AIM OF THE TASK: Scan the records below for the line with "skiër voor een" and the line with "Her Haven is". Repeat those two lines and every line between them exactly, and nothing else.

(Collection entries)
▼

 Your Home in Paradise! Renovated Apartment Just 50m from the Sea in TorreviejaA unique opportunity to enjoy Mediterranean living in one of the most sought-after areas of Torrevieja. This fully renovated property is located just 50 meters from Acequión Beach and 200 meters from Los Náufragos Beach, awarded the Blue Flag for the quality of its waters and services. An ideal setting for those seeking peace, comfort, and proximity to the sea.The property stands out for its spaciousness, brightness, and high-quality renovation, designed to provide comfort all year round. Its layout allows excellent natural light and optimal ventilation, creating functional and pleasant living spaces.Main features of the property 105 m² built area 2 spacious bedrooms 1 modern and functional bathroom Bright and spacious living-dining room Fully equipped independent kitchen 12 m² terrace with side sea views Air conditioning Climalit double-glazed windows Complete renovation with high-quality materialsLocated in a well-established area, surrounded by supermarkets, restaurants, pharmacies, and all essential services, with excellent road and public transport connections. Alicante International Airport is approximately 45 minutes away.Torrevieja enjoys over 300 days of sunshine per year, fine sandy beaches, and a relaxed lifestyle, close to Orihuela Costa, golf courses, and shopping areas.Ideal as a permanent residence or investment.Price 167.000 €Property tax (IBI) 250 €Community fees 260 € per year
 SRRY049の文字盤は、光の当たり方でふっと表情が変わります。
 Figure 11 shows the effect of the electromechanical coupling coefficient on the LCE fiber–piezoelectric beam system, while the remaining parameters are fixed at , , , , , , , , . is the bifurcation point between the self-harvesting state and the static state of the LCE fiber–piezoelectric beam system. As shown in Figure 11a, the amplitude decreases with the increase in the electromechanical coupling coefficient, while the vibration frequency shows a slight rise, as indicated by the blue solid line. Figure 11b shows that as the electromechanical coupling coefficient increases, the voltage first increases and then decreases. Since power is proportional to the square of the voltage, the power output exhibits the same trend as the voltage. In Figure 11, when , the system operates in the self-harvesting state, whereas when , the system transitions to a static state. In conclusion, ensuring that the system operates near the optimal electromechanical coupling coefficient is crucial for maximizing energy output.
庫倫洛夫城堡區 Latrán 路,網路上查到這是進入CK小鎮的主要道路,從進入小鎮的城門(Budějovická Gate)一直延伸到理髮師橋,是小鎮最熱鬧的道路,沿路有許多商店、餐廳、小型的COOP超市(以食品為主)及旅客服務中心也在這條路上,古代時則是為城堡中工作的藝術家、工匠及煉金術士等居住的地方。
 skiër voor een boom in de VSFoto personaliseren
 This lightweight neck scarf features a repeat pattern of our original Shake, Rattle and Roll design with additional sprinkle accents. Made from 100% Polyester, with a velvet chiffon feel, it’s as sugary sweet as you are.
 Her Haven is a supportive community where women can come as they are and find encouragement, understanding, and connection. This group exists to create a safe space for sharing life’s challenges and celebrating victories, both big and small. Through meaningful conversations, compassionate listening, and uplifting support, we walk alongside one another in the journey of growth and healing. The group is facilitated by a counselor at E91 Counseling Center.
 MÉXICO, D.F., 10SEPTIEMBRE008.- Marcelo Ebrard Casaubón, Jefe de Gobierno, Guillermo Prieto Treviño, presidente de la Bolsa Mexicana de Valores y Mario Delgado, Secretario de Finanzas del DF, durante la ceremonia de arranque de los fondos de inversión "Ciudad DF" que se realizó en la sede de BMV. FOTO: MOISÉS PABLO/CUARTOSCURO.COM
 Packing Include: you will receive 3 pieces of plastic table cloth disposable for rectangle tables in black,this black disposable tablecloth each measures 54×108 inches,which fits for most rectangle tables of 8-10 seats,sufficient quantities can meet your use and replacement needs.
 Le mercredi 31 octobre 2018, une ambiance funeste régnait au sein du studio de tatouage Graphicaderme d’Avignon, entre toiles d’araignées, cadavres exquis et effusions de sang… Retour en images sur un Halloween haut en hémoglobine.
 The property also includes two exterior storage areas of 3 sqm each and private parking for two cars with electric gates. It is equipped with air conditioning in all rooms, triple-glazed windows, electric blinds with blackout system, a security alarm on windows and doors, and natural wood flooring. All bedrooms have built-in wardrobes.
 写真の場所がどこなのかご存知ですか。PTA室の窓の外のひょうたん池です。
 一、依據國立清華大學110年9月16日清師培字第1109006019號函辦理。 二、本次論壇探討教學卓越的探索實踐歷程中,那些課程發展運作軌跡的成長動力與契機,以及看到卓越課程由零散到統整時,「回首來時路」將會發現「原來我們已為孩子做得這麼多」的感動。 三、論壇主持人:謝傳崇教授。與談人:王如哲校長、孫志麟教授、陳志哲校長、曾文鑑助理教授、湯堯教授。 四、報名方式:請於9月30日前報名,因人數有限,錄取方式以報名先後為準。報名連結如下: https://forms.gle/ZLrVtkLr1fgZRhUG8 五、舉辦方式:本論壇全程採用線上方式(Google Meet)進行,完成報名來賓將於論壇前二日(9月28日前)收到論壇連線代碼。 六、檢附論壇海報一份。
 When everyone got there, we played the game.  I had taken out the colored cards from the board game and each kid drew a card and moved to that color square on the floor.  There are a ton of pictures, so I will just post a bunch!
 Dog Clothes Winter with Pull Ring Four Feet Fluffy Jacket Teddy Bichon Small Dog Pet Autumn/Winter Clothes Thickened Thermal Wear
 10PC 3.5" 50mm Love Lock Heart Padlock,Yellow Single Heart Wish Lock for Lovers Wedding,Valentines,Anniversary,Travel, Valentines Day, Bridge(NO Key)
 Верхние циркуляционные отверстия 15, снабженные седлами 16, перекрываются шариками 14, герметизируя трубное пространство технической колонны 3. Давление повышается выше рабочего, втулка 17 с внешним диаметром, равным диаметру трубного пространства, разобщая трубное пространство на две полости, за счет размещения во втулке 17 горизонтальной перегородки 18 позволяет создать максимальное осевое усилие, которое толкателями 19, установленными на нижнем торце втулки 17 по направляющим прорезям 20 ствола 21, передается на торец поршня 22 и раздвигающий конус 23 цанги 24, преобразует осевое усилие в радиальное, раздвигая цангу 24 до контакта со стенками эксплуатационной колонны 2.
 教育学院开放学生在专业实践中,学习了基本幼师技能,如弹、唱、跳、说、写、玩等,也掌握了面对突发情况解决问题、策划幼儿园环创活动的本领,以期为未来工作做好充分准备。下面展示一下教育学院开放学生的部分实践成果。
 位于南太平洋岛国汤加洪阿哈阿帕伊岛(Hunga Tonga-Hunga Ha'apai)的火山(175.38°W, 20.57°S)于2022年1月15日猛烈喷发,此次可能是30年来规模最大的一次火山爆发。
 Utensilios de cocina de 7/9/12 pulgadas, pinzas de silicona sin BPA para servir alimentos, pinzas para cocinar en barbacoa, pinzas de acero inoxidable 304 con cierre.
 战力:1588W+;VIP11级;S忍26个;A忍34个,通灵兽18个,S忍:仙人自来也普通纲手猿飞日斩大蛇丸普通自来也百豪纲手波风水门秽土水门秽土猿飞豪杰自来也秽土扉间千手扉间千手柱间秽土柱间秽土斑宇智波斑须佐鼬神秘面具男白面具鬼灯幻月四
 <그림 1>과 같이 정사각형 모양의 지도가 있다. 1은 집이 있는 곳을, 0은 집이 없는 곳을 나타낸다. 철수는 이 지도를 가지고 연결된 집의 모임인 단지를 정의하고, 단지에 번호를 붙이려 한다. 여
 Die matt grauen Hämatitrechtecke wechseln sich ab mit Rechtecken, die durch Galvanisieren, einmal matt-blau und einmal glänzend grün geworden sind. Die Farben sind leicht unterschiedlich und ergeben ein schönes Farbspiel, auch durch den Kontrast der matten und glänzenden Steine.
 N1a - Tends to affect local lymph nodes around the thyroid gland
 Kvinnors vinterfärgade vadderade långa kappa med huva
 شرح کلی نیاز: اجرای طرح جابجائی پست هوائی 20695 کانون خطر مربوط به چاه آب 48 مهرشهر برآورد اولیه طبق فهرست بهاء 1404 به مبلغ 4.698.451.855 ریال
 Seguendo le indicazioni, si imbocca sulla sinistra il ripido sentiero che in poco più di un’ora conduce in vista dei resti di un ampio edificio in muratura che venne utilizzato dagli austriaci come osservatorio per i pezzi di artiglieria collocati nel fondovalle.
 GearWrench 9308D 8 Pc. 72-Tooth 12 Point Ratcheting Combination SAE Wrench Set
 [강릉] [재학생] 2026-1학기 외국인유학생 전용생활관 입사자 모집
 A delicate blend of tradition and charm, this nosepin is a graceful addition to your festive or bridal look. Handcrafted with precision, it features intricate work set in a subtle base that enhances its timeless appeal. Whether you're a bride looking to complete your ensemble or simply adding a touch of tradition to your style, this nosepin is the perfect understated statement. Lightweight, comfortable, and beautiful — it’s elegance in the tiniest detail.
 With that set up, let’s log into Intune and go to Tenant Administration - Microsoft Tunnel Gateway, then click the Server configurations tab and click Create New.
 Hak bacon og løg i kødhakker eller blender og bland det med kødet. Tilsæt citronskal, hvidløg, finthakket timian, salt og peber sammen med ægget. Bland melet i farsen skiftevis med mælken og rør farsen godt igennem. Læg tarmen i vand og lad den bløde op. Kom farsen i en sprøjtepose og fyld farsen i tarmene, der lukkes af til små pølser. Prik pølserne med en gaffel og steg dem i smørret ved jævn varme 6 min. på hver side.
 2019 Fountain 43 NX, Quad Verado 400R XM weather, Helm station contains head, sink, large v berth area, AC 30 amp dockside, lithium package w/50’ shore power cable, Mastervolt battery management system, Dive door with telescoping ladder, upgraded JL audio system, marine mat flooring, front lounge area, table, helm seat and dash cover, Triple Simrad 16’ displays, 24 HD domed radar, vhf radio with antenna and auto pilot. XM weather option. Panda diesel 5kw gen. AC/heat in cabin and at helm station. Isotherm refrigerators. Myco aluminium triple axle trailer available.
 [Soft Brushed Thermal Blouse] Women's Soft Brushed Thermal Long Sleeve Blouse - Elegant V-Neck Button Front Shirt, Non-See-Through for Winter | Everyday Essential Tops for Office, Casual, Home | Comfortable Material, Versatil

▲

COMPLETED TASK:
 skiër voor een boom in de VSFoto personaliseren
 This lightweight neck scarf features a repeat pattern of our original Shake, Rattle and Roll design with additional sprinkle accents. Made from 100% Polyester, with a velvet chiffon feel, it’s as sugary sweet as you are.
 Her Haven is a supportive community where women can come as they are and find encouragement, understanding, and connection. This group exists to create a safe space for sharing life’s challenges and celebrating victories, both big and small. Through meaningful conversations, compassionate listening, and uplifting support, we walk alongside one another in the journey of growth and healing. The group is facilitated by a counselor at E91 Counseling Center.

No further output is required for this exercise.